### Data provided

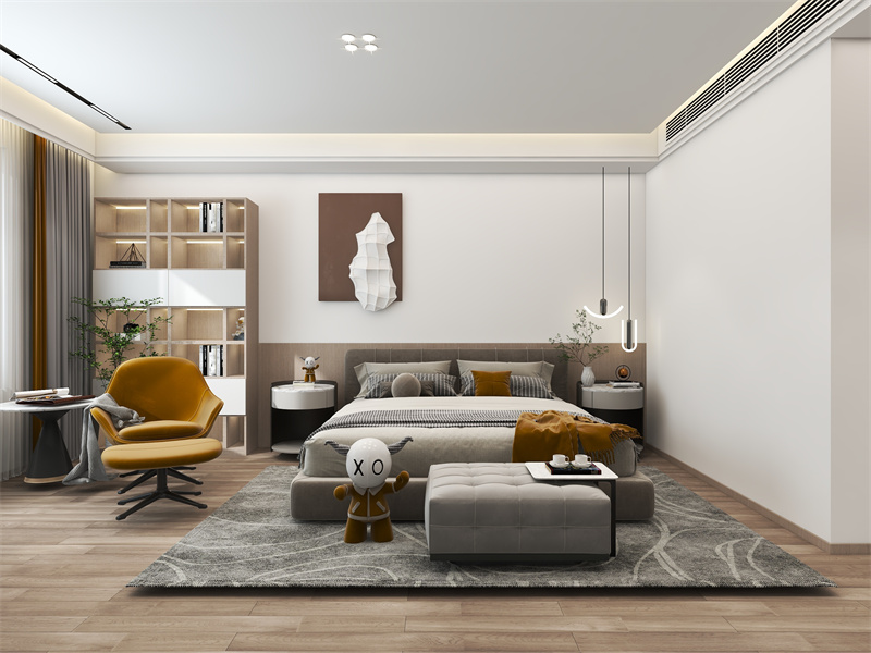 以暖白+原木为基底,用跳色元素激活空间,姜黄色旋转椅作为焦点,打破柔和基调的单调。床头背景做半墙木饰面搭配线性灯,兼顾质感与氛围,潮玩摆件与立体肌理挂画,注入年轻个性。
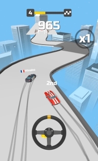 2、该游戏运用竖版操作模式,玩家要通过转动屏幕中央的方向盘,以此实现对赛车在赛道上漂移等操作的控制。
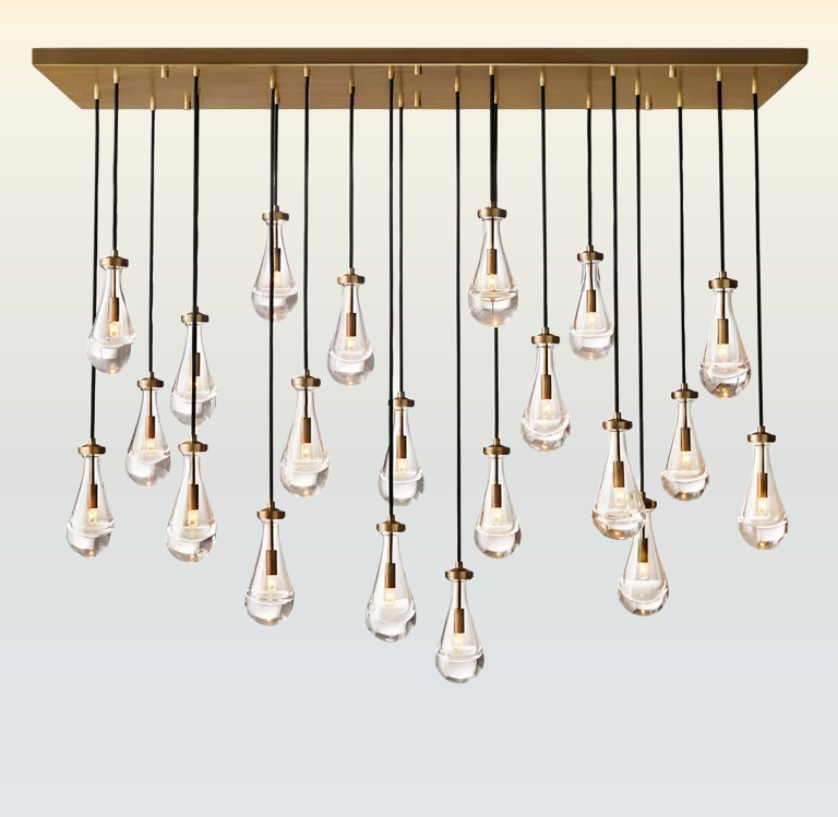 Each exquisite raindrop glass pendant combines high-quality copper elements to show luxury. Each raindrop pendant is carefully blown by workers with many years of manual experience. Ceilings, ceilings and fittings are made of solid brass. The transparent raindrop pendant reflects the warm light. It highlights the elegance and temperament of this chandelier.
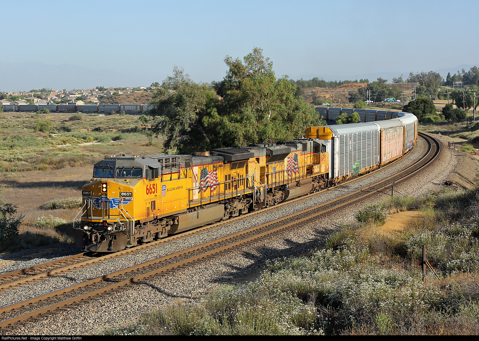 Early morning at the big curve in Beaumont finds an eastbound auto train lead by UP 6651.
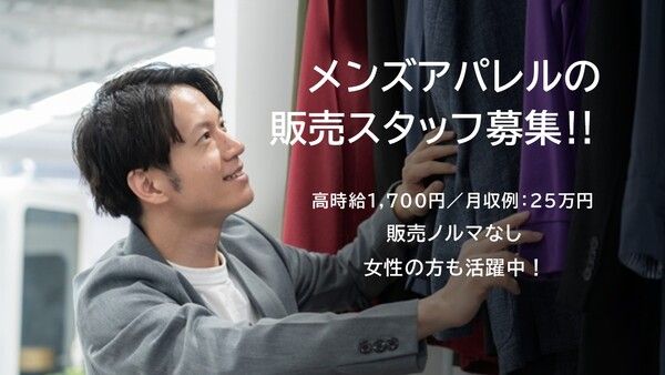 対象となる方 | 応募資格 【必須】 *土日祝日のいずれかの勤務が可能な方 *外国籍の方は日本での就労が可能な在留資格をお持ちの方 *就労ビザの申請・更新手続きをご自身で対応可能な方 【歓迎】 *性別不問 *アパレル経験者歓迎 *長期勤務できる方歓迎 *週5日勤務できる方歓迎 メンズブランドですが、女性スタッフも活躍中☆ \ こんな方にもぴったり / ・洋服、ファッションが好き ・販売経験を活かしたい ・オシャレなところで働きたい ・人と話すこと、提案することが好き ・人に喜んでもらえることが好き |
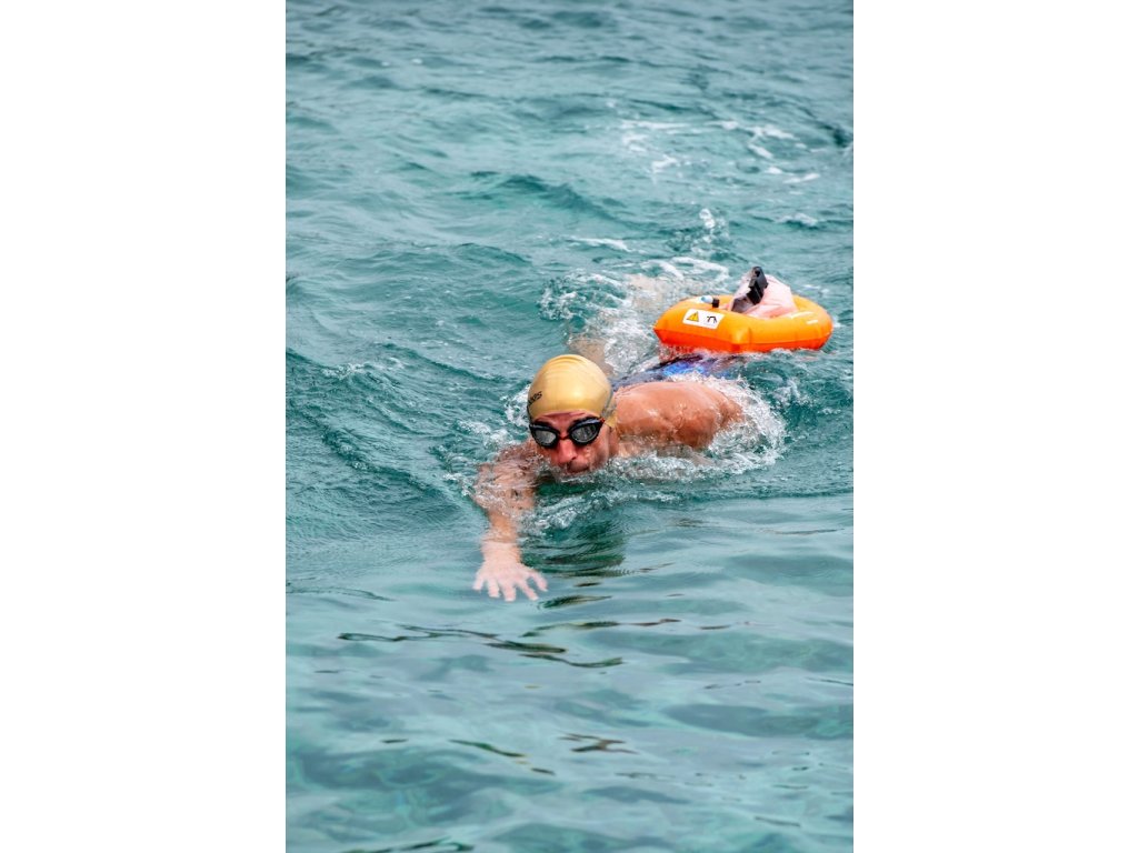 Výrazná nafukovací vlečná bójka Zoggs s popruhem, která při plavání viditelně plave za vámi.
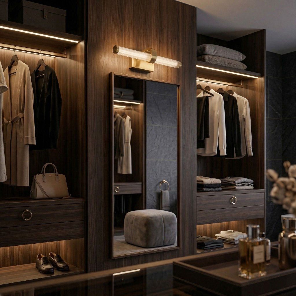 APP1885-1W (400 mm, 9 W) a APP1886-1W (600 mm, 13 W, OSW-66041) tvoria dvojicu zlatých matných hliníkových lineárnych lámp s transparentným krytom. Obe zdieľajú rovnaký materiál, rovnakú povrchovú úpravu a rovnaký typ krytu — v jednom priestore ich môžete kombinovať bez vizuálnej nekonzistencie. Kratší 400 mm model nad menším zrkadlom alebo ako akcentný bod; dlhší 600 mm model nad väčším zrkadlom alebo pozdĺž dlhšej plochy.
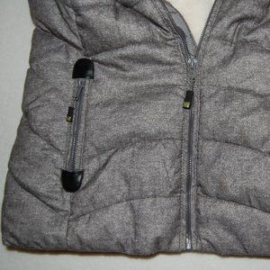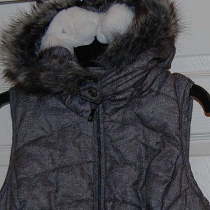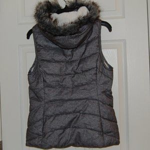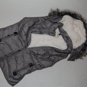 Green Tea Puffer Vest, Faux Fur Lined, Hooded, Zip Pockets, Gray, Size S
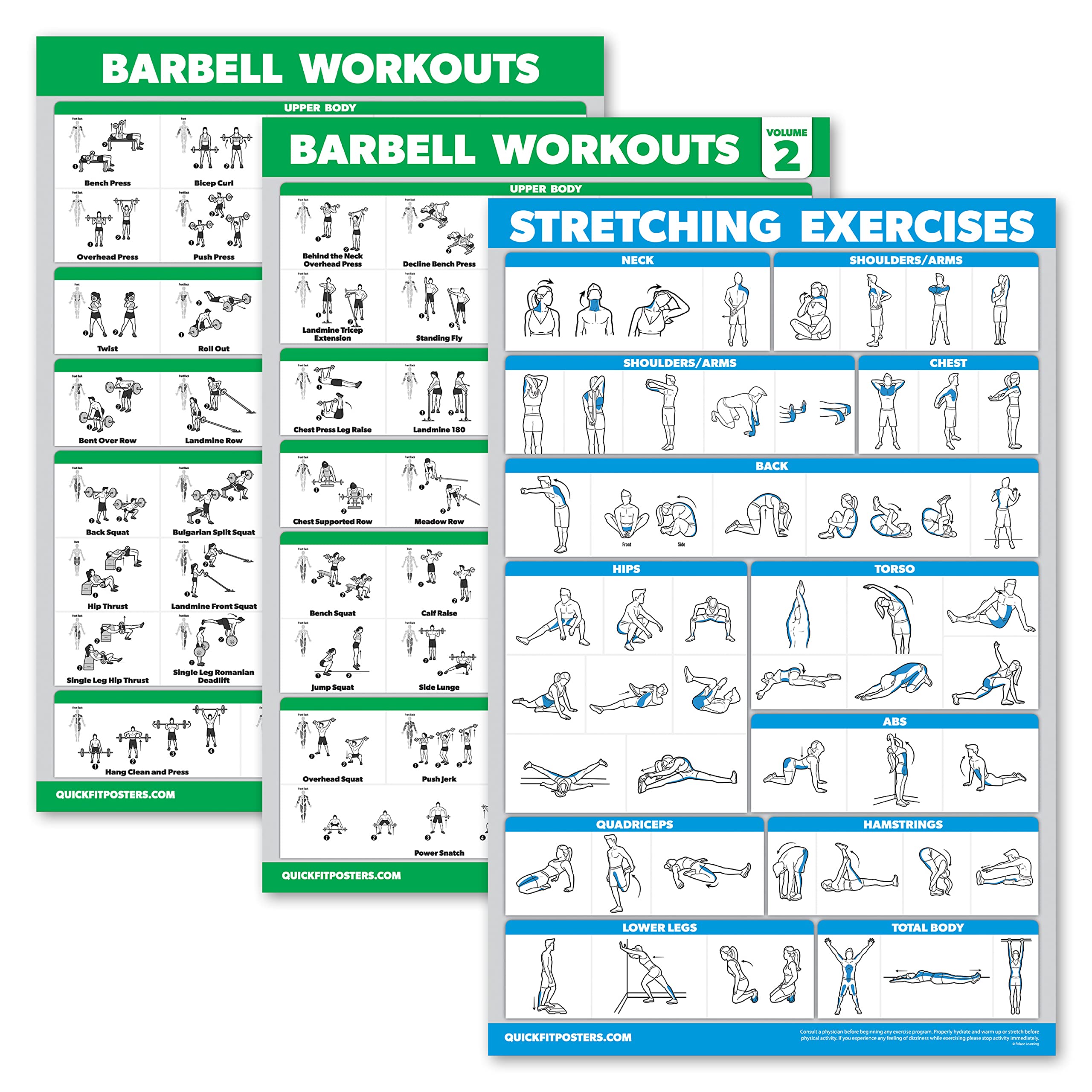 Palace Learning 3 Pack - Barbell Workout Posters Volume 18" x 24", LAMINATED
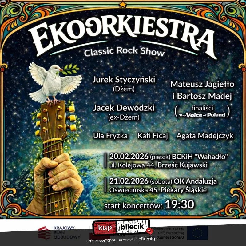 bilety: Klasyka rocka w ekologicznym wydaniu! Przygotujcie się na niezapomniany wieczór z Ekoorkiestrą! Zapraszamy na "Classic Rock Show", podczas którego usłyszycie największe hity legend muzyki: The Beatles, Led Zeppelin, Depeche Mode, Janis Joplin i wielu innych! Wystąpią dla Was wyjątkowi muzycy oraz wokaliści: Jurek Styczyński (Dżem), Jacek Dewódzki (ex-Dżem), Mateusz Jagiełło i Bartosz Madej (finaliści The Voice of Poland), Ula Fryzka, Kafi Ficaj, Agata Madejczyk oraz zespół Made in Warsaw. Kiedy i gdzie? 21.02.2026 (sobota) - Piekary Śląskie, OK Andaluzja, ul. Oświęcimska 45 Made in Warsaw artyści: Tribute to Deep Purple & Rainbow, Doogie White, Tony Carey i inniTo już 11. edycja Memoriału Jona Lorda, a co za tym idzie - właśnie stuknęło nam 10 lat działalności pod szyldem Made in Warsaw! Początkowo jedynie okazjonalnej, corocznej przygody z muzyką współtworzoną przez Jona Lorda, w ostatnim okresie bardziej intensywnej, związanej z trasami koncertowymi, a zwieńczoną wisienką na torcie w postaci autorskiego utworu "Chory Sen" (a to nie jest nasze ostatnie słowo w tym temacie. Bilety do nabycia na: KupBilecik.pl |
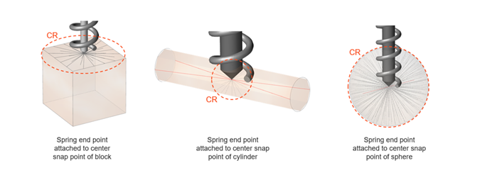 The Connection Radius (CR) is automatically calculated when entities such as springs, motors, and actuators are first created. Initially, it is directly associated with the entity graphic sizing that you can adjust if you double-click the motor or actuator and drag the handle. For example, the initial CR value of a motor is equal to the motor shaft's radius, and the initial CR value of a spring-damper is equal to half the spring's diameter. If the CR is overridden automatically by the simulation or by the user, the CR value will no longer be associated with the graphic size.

######

• Assignment: Pictures aren't part of the copy; return each record above exactly.

• Your solution:
 以暖白+原木为基底,用跳色元素激活空间,姜黄色旋转椅作为焦点,打破柔和基调的单调。床头背景做半墙木饰面搭配线性灯,兼顾质感与氛围,潮玩摆件与立体肌理挂画,注入年轻个性。
 2、该游戏运用竖版操作模式,玩家要通过转动屏幕中央的方向盘,以此实现对赛车在赛道上漂移等操作的控制。
 Each exquisite raindrop glass pendant combines high-quality copper elements to show luxury. Each raindrop pendant is carefully blown by workers with many years of manual experience. Ceilings, ceilings and fittings are made of solid brass. The transparent raindrop pendant reflects the warm light. It highlights the elegance and temperament of this chandelier.
 Early morning at the big curve in Beaumont finds an eastbound auto train lead by UP 6651.
 対象となる方 | 応募資格 【必須】 *土日祝日のいずれかの勤務が可能な方 *外国籍の方は日本での就労が可能な在留資格をお持ちの方 *就労ビザの申請・更新手続きをご自身で対応可能な方 【歓迎】 *性別不問 *アパレル経験者歓迎 *長期勤務できる方歓迎 *週5日勤務できる方歓迎 メンズブランドですが、女性スタッフも活躍中☆ \ こんな方にもぴったり / ・洋服、ファッションが好き ・販売経験を活かしたい ・オシャレなところで働きたい ・人と話すこと、提案することが好き ・人に喜んでもらえることが好き |
 Výrazná nafukovací vlečná bójka Zoggs s popruhem, která při plavání viditelně plave za vámi.
 APP1885-1W (400 mm, 9 W) a APP1886-1W (600 mm, 13 W, OSW-66041) tvoria dvojicu zlatých matných hliníkových lineárnych lámp s transparentným krytom. Obe zdieľajú rovnaký materiál, rovnakú povrchovú úpravu a rovnaký typ krytu — v jednom priestore ich môžete kombinovať bez vizuálnej nekonzistencie. Kratší 400 mm model nad menším zrkadlom alebo ako akcentný bod; dlhší 600 mm model nad väčším zrkadlom alebo pozdĺž dlhšej plochy.
 Green Tea Puffer Vest, Faux Fur Lined, Hooded, Zip Pockets, Gray, Size S
 Palace Learning 3 Pack - Barbell Workout Posters Volume 18" x 24", LAMINATED
 bilety: Klasyka rocka w ekologicznym wydaniu! Przygotujcie się na niezapomniany wieczór z Ekoorkiestrą! Zapraszamy na "Classic Rock Show", podczas którego usłyszycie największe hity legend muzyki: The Beatles, Led Zeppelin, Depeche Mode, Janis Joplin i wielu innych! Wystąpią dla Was wyjątkowi muzycy oraz wokaliści: Jurek Styczyński (Dżem), Jacek Dewódzki (ex-Dżem), Mateusz Jagiełło i Bartosz Madej (finaliści The Voice of Poland), Ula Fryzka, Kafi Ficaj, Agata Madejczyk oraz zespół Made in Warsaw. Kiedy i gdzie? 21.02.2026 (sobota) - Piekary Śląskie, OK Andaluzja, ul. Oświęcimska 45 Made in Warsaw artyści: Tribute to Deep Purple & Rainbow, Doogie White, Tony Carey i inniTo już 11. edycja Memoriału Jona Lorda, a co za tym idzie - właśnie stuknęło nam 10 lat działalności pod szyldem Made in Warsaw! Początkowo jedynie okazjonalnej, corocznej przygody z muzyką współtworzoną przez Jona Lorda, w ostatnim okresie bardziej intensywnej, związanej z trasami koncertowymi, a zwieńczoną wisienką na torcie w postaci autorskiego utworu "Chory Sen" (a to nie jest nasze ostatnie słowo w tym temacie. Bilety do nabycia na: KupBilecik.pl |
 The Connection Radius (CR) is automatically calculated when entities such as springs, motors, and actuators are first created. Initially, it is directly associated with the entity graphic sizing that you can adjust if you double-click the motor or actuator and drag the handle. For example, the initial CR value of a motor is equal to the motor shaft's radius, and the initial CR value of a spring-damper is equal to half the spring's diameter. If the CR is overridden automatically by the simulation or by the user, the CR value will no longer be associated with the graphic size.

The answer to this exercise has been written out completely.